» Requirement
Without the pictures, output all of the data exactly.

» Supplied material
Content starts
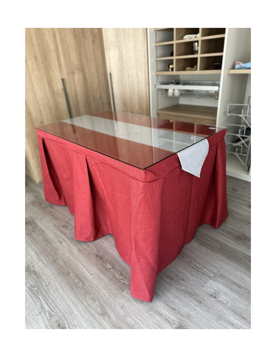 Ropa de mesa camilla antimanchas con relleno térmico y camino de mesa.
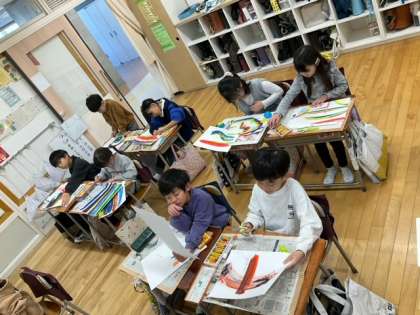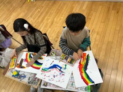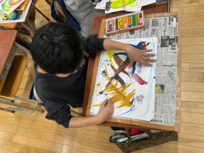 図工の時間です。「えのぐ ひっぱ レインボー」付け足したり、組み合わせたり、どんどん楽しい絵になりますね。
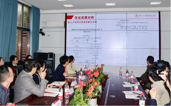 年级辅导员对本科2022级、2023级的学情、考情进行详实的数据分析,并着重分析了高数等数学类课程的学习修读情况。颜李强调,学院人才培养应以学业发展为主线,各位学工老师要帮助学生找到降低挂科率的方法、提升平均分的方向,多分析、勤交流、促解决,积极交流经验,共同营造学院优良学风。他寄语学工队伍,希望大家多进教室、多下寝室,用心用情、关怀学生,掌握班级总体情况、关注个别学生特殊情况,重点开展学业帮扶和生涯指导,为新时代培养金统领军人才。
Content ends
» Exercise answer
 Ropa de mesa camilla antimanchas con relleno térmico y camino de mesa.
 図工の時間です。「えのぐ ひっぱ レインボー」付け足したり、組み合わせたり、どんどん楽しい絵になりますね。
 年级辅导员对本科2022级、2023级的学情、考情进行详实的数据分析,并着重分析了高数等数学类课程的学习修读情况。颜李强调,学院人才培养应以学业发展为主线,各位学工老师要帮助学生找到降低挂科率的方法、提升平均分的方向,多分析、勤交流、促解决,积极交流经验,共同营造学院优良学风。他寄语学工队伍,希望大家多进教室、多下寝室,用心用情、关怀学生,掌握班级总体情况、关注个别学生特殊情况,重点开展学业帮扶和生涯指导,为新时代培养金统领军人才。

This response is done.